From lifelong fans to the previously uninitiated, New York City Ballet’s All Robbins program was designed to make the whole house cheer. Jerome Robbins’ (1918–98) work on Broadway and in ballet made him a revered artist in both circles. Few others were ever able to achieve such crossover success. Robbins’ choreography anticipates the viewers’ desires, providing humor, excitement and beauty in just the right mix. Interplay, Fancy Free and I’m Old Fashioned are satisfying in the same way that catching up with an old friend leaves one feeling fulfilled. The conversation is familiar and yet still manages to provide something new.

Lauren Lovette and Taylor Stanley in Jerome Robbins' Interplay © Paul Kolnik
Lauren Lovette and Taylor Stanley in Jerome Robbins' Interplay
© Paul Kolnik

Interplay is a colorful, literally playful game of a dance. Daniel Ulbricht takes the reins after the introduction, setting a high bar for showmanship. He teases his cohorts with impish delight between leaps bursting off the stage in his aptly titled section “Horseplay”. Morton Gould’s music turns jazzy, accented by hihat and other percussion with the dancers snapping their fingers in time. Soloists Lauren Lovett and Taylor Stanley’s duet stretches the notes of each phrase through their bodies. In the final lift, Lovett twists around Stanley like a corkscrew before settling on the ground. The bright costumes and dynamic score also make Interplay’s fun to watch; it’s a joyful experience.

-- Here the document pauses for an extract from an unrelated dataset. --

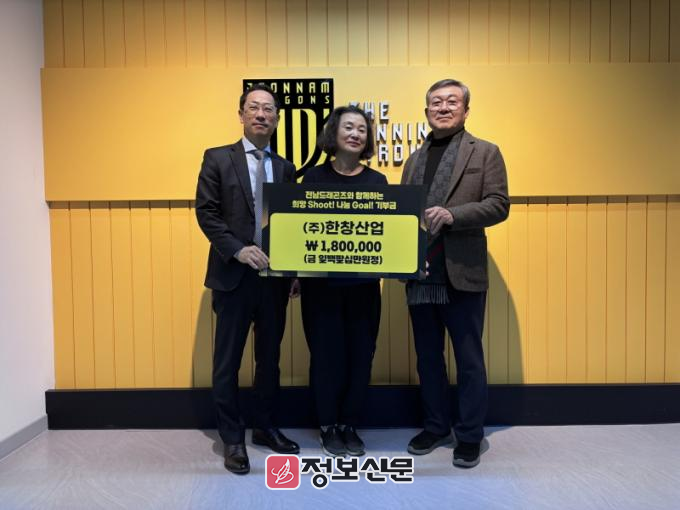 전남드래곤즈는 1월 14일 구단 사무실에서 ㈜한창산업과 함께 희망찬특수어린이집에 기부금 전달식을 진행했다. 이번 전달식은 전남드래곤즈의 사회공헌 활동인 ‘희망슛! 나눔골! 기부챌린지’의 일환으로 마련됐다.
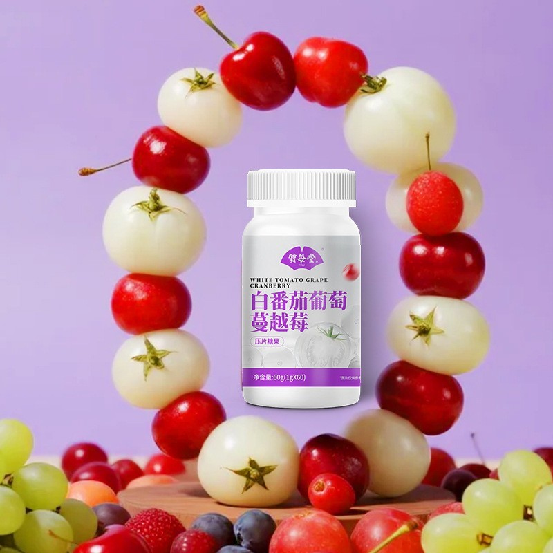 质每(湖北)健康科技有限公司发布的白番茄蔓越莓压片糖果代加工 片剂OEM贴牌 特殊膳食品定制咀嚼片图集库

Fancy Free is easily recognizable. It’s as beloved by audiences today as it was when it premièred in 1944. But new viewers may feel at home, too, thanks to the ballet’s ever-entertaining story (three sailors on leave chasing women) and because Robbins’ influence is still visible in musical theater today. Amar Ramasar, Joaquín De Luz and Robert Fairchild’s brilliant dancing isn’t debatable, and Robbins’ choreography gives them every opportunity to show their verve and panache as the strut trying to impress the two women. But their acting, along with Georgina Pazcoguin and Tiler Peck, keep their characters fresh. This cast’s timing is impeccable in terms of both artistry and comedy.

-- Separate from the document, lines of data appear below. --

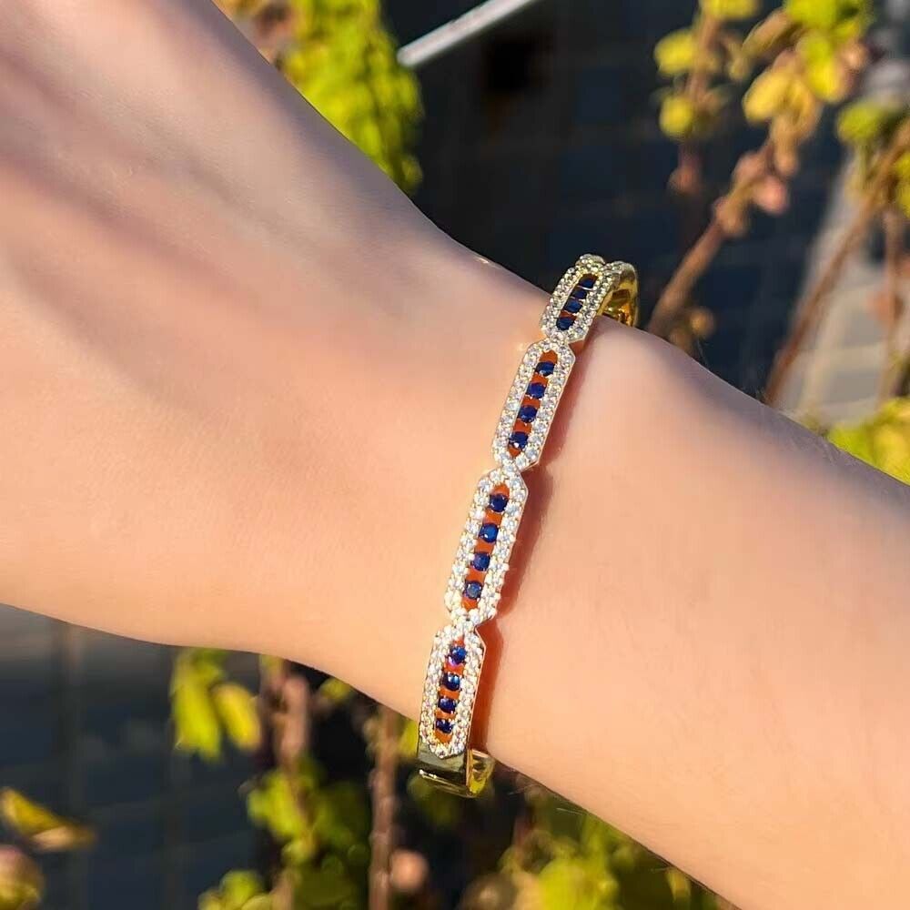 4.50 Ct Blue Sapphire & Diamond 14K Yellow Gold Plated Women Bangle Bracelets 7"
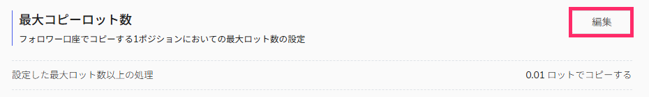 - 最大ロット:プロバイダー口座での取引ロット数が設定値を上回るポジションはコピーされない
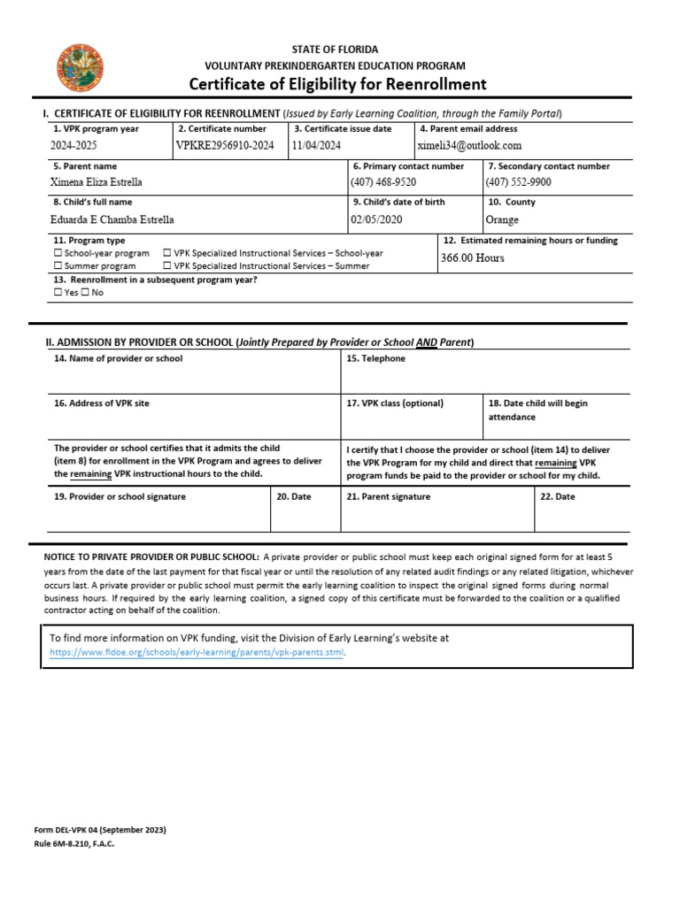 OEL VPK Reenrollment Certificate of Eligibility PDF Wellness
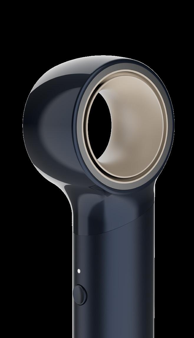 Control buttons are strategically placed along the side of the device, achieving two goals: maintaining an uninterrupted, sleek appearance from the front and back, and aligning with the handle’s shape to optimize usability.
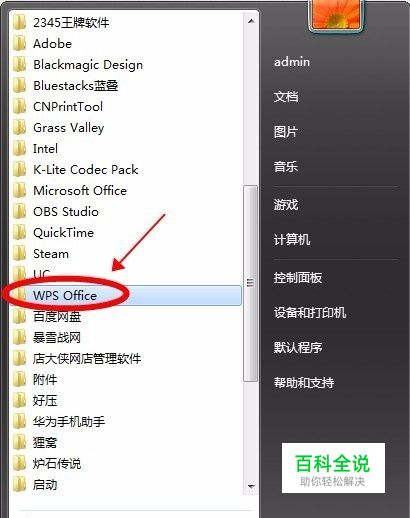 步骤一:找到开始栏中的WPS文件
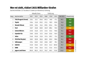 Was es bedeutet, den Modellmix zu ändern, zeigt das Beispiel Fiat Chrysler. Die Italiener schienen auf einem guten Weg zur Zielerreichung zu sein. Vor allem durch die Übernahme größerer Jeep-Fahrzeuge mit altertümlicher Motortechnik in ihr Portfolio ist der Konzern weit zurück gefallen. Als einziger Hersteller verzeichnet er einen Anstieg der CO₂-Emissionen und liegt aktuell 10 Gramm über den ähnlich positionierten Marken Renault-Nissan.

With the largest ensemble and most formal costuming (adapted gowns and tuxedos by Florence Klotz), I’m Old Fashioned is an apt conclusion for this program. Despite its name, this is the youngest of the three ballets by nearly four decades. Robbins was inspired by Fred Astaire and Rita Hayworth’s duet in the movie You Were Never Lovlier, riffing on both the movement and music (original theme by Jerome Kern, variation by Morton Gould) in his piece. First Hayworth and Astaire’s original is projected on stage, then various iterations from duets to the whole corps transform the scale and range of each step. The black tie dress code adds a sophisticated elegance to this creative study. In the final rendition the cast fills the stage dancing in unison with their silver screen counterparts. For a moment, even they pause to watch the two icons.

This sampler of Robbins’ choreography might seem nostalgic at first glance. However, New York City Ballet brings these works to life in a way that isn’t sentimental, but instead timeless.